AugVLA-3D: Depth-Driven Feature Augmentation for Vision-Language-Action Models
Zhifeng Rao, Wenlong Chen, Lei Xie, Xia Hua, Dongfu Yin, Zhen Tian, F. Richard Yu
TL;DR
This work tackles the limited 3D reasoning in Vision-Language-Action models by introducing AugVLA-3D, which leverages monocular depth estimation (VGGT) to produce geometry-aware 3D features from 2D RGB data. A lightweight Action Assistant regularizer aligns these depth priors with downstream control objectives and injects information into the VLA backbone without destabilizing the pretrained 2D representations. The approach enables scalable use of large-scale 2D datasets while improving generalization in 3D-rich manipulation tasks, as demonstrated by real-world dexterous-hand experiments and RoboCasa simulations. Results show enhanced action prediction accuracy and robustness in geometrically ambiguous scenarios, highlighting depth-driven data augmentation as an effective path to bridge 2D observations and 3D-aware decision-making in robotics.
Abstract
Vision-Language-Action (VLA) models have recently achieved remarkable progress in robotic perception and control, yet most existing approaches primarily rely on VLM trained using 2D images, which limits their spatial understanding and action grounding in complex 3D environments.
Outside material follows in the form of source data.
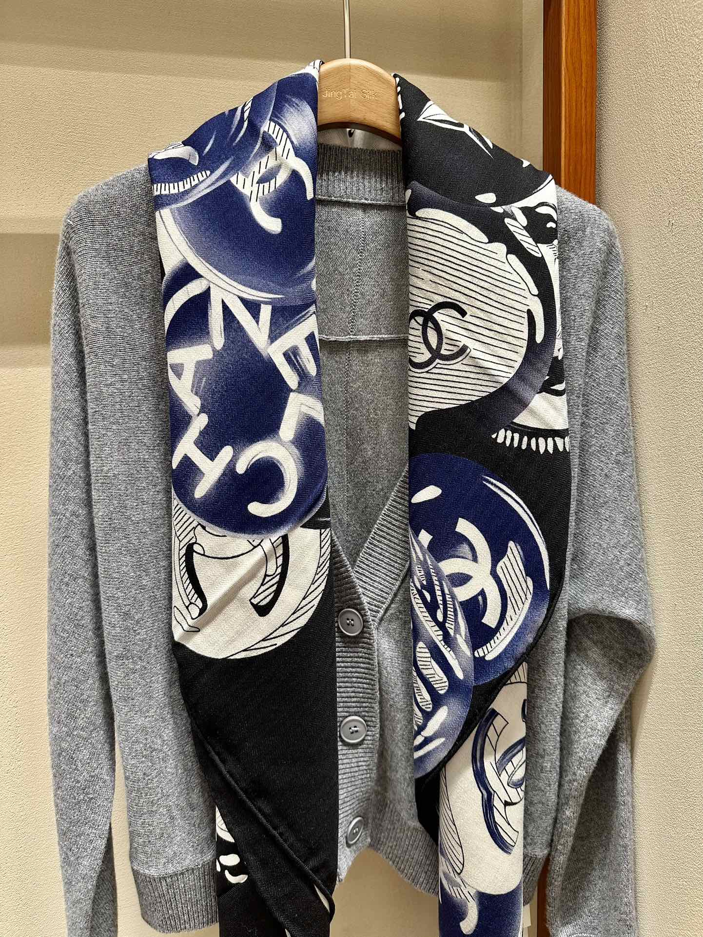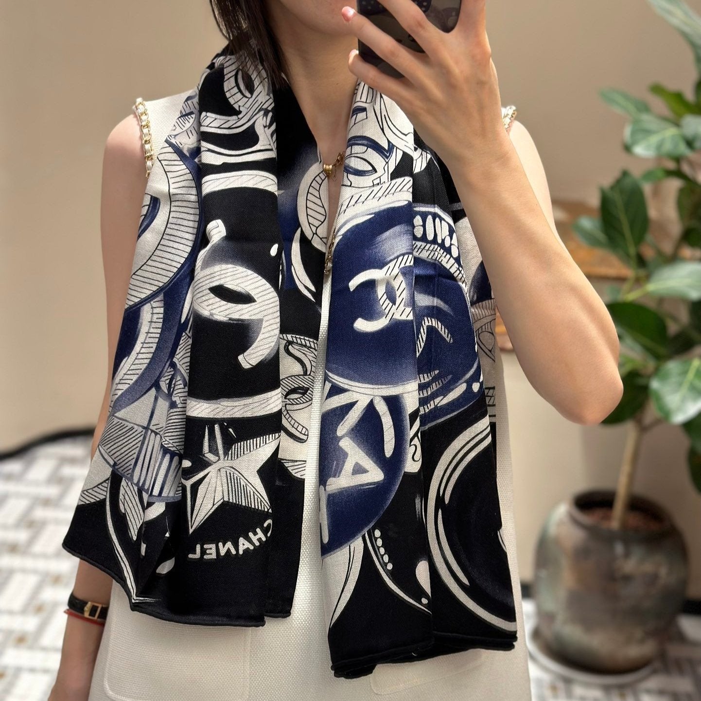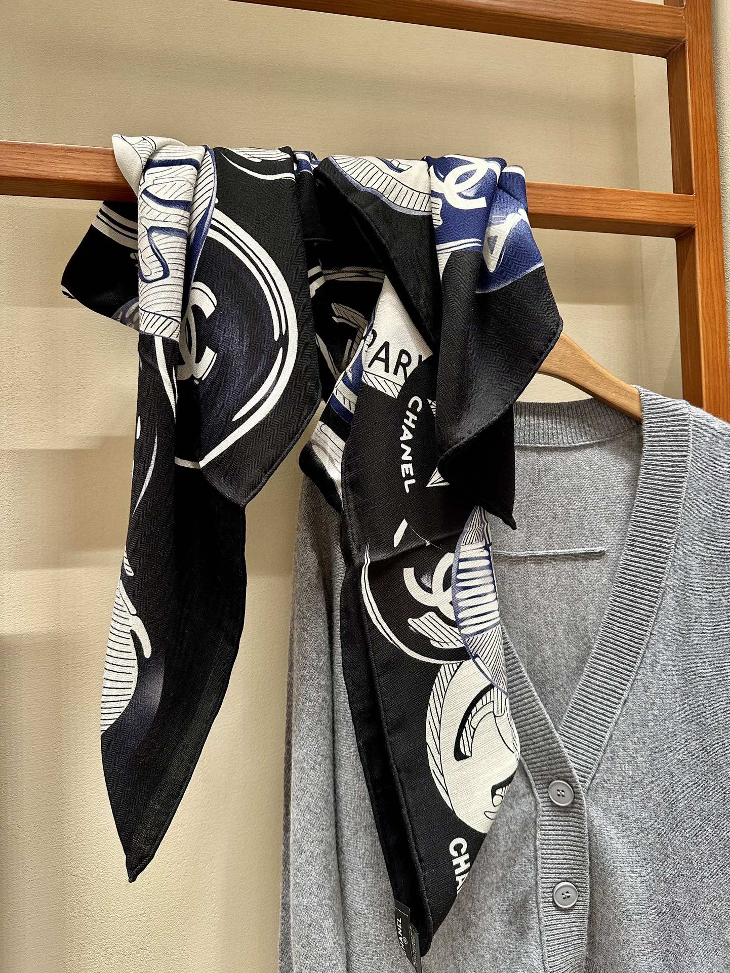 CC Square Scarf 140 CM In Black Colorful Cashmere And Silk 418150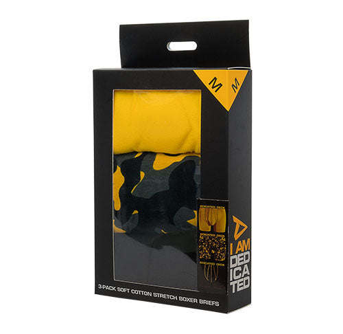 One pack contains three variants: Yellow fabric, Camo print and Black fabric with yellow stitching. All boxers feature a black waistband with yellow Dedicated wordmark.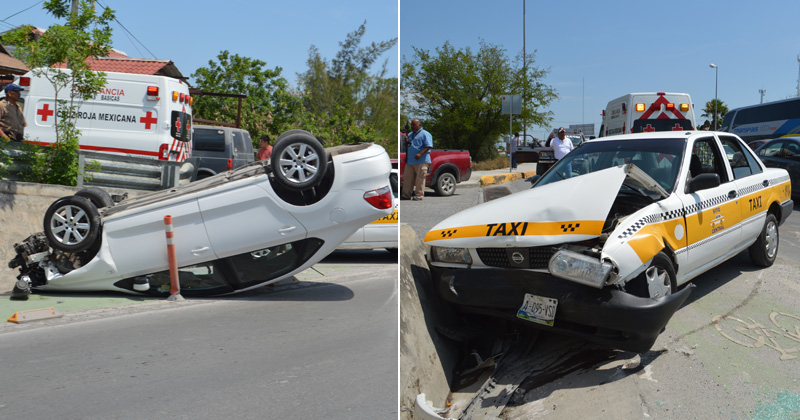 Automovilista venía tranquilamente bajando por el bulevar Fidel Velázquez y de repente un taxi se le atravesó provocando un choque y volcadura
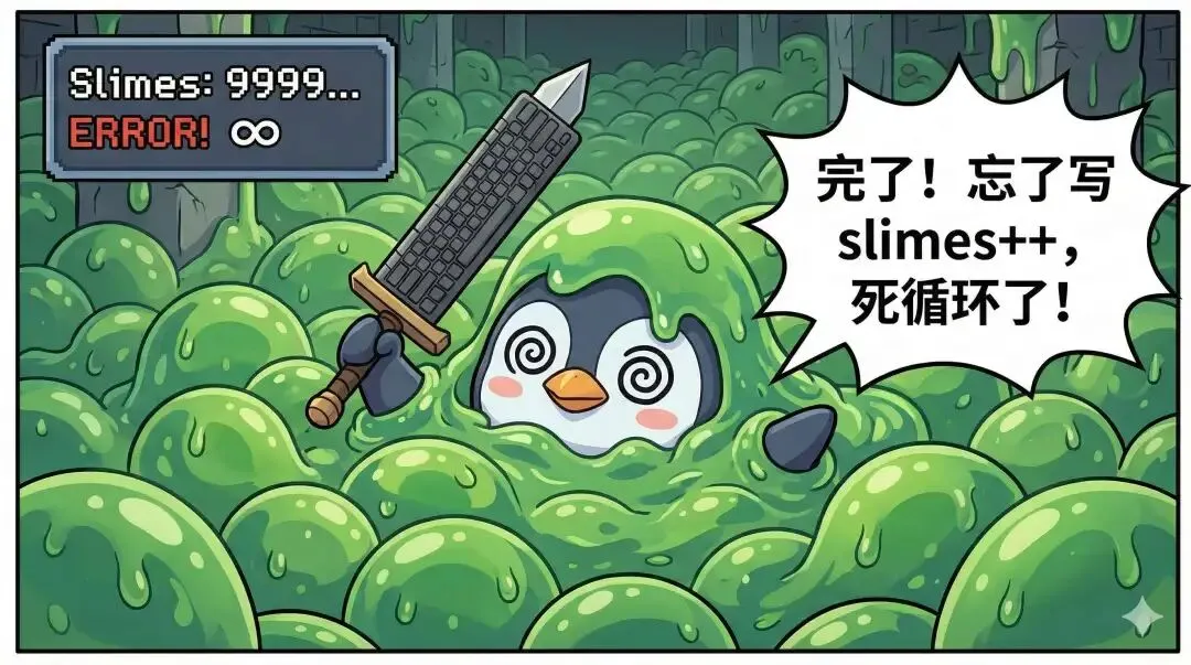 ⚠️ 踩坑警示: 如果忘记写 slimes++,条件永远成立,程序就会陷入死循环 (Infinite Loop) ,被困在时间循环里,跑到累死也出不来!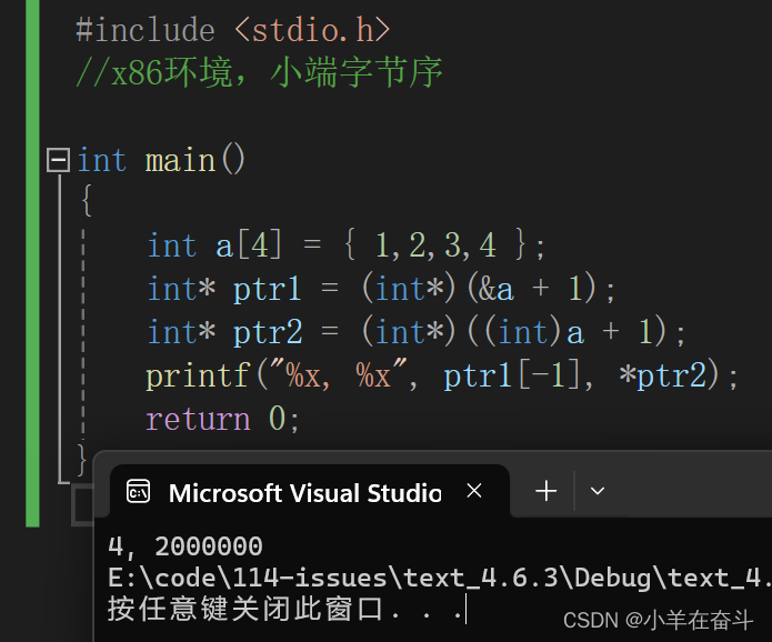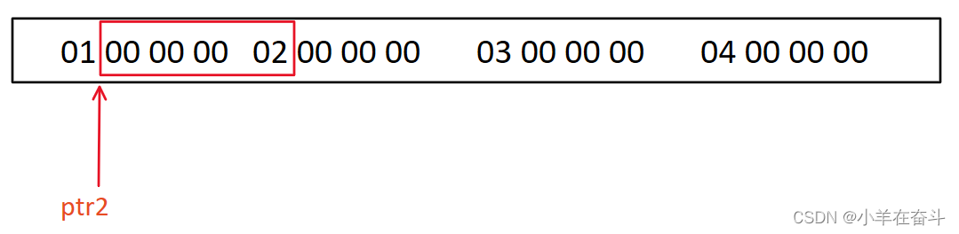 我们又知道小端字节序是反着存的,所以ptr2指向的数值就是02 00 00 00,打印出来就是2000000。
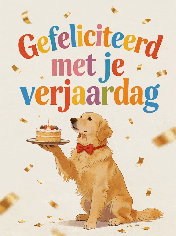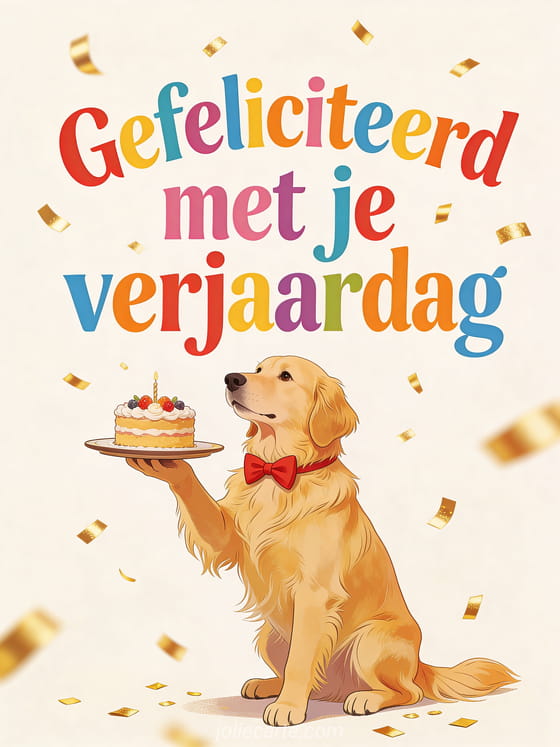 Een golden retriever met rode vlinderdas draagt trots een versierd taartje op een dienblad met gouden confetti. Bekijk ook verjaardag vrouw humor of tekst verjaardag vrouw.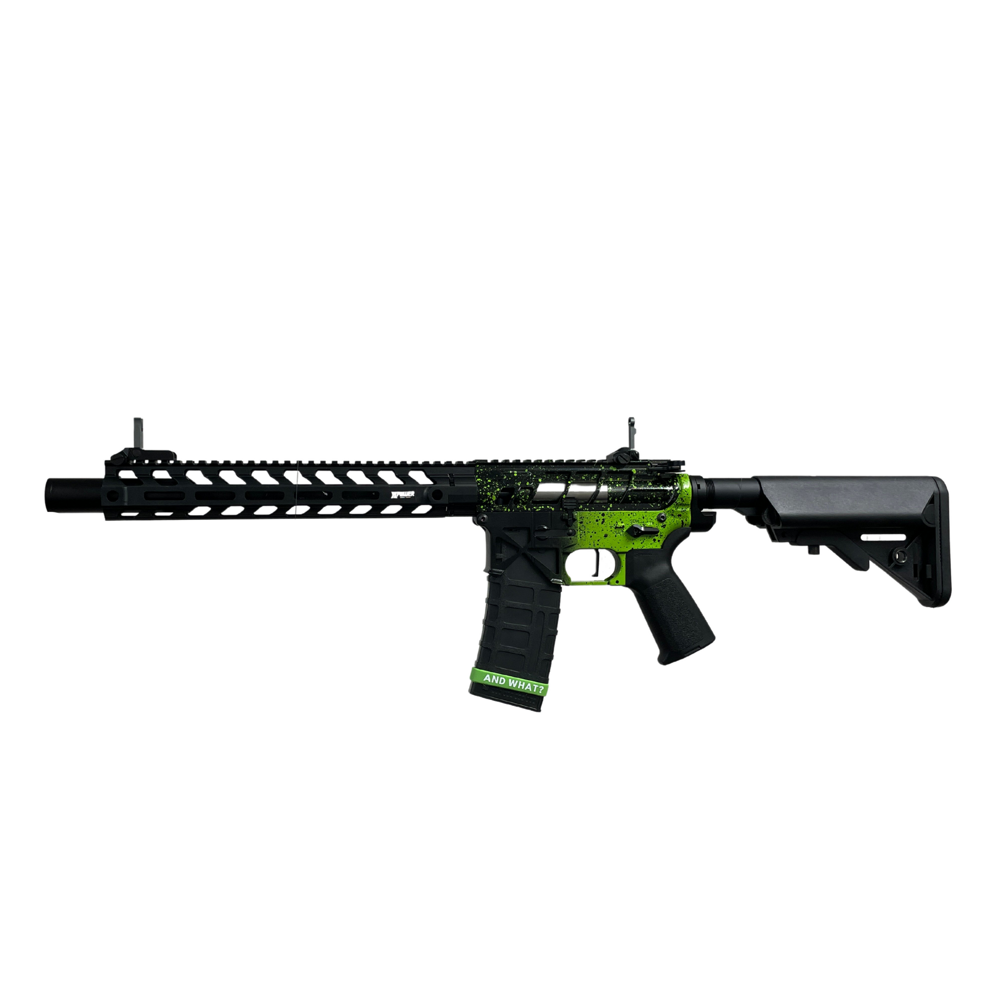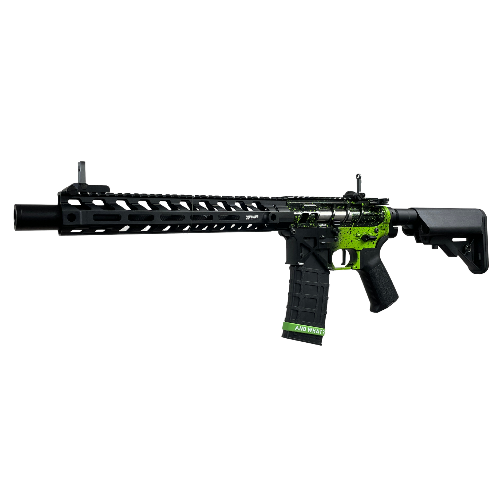 Dieses kleine Biest läuft mit einem der neuesten Motoren auf dem Markt und er ist der Wahnsinn, der Ihnen die perfekte Balance zwischen Geschwindigkeit und hohem Drehmoment bietet, um einen leistungsstarken Blaster mit konstanter Leistung und hoher Geschwindigkeit in Einklang zu bringen aus Feuer. Das Design dieses Blasters ist so knackig, mit einem X Power 12"-Handschutz, das ist definitiv etwas, das Sie in die Hände bekommen möchten.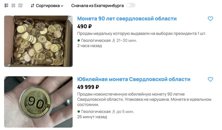 "Продам новоиспеченную юбилейную монету 90-летие Свердловской области. Упаковка не нарушена, монета в идеальном состоянии", — пишет автор объявления, оценивший свою монету в 49999 рублей. Другой пользователь готов избавиться от подарка за 499 рублей.

To address this limitation, we propose a novel framework that integrates depth estimation into VLA models to enrich 3D feature representations. Specifically, we employ a depth estimation baseline called VGGT to extract geometry-aware 3D cues from standard RGB inputs, enabling efficient utilization of existing large-scale 2D datasets while implicitly recovering 3D structural information. To further enhance the reliability of these depth-derived features, we introduce a new module called action assistant, which constrains the learned 3D representations with action priors and ensures their consistency with downstream control tasks. By fusing the enhanced 3D features with conventional 2D visual tokens, our approach significantly improves the generalization ability and robustness of VLA models. Experimental results demonstrate that the proposed method not only strengthens perception in geometrically ambiguous scenarios but also leads to superior action prediction accuracy. This work highlights the potential of depth-driven data augmentation and auxiliary expert supervision for bridging the gap between 2D observations and 3D-aware decision-making in robotic systems.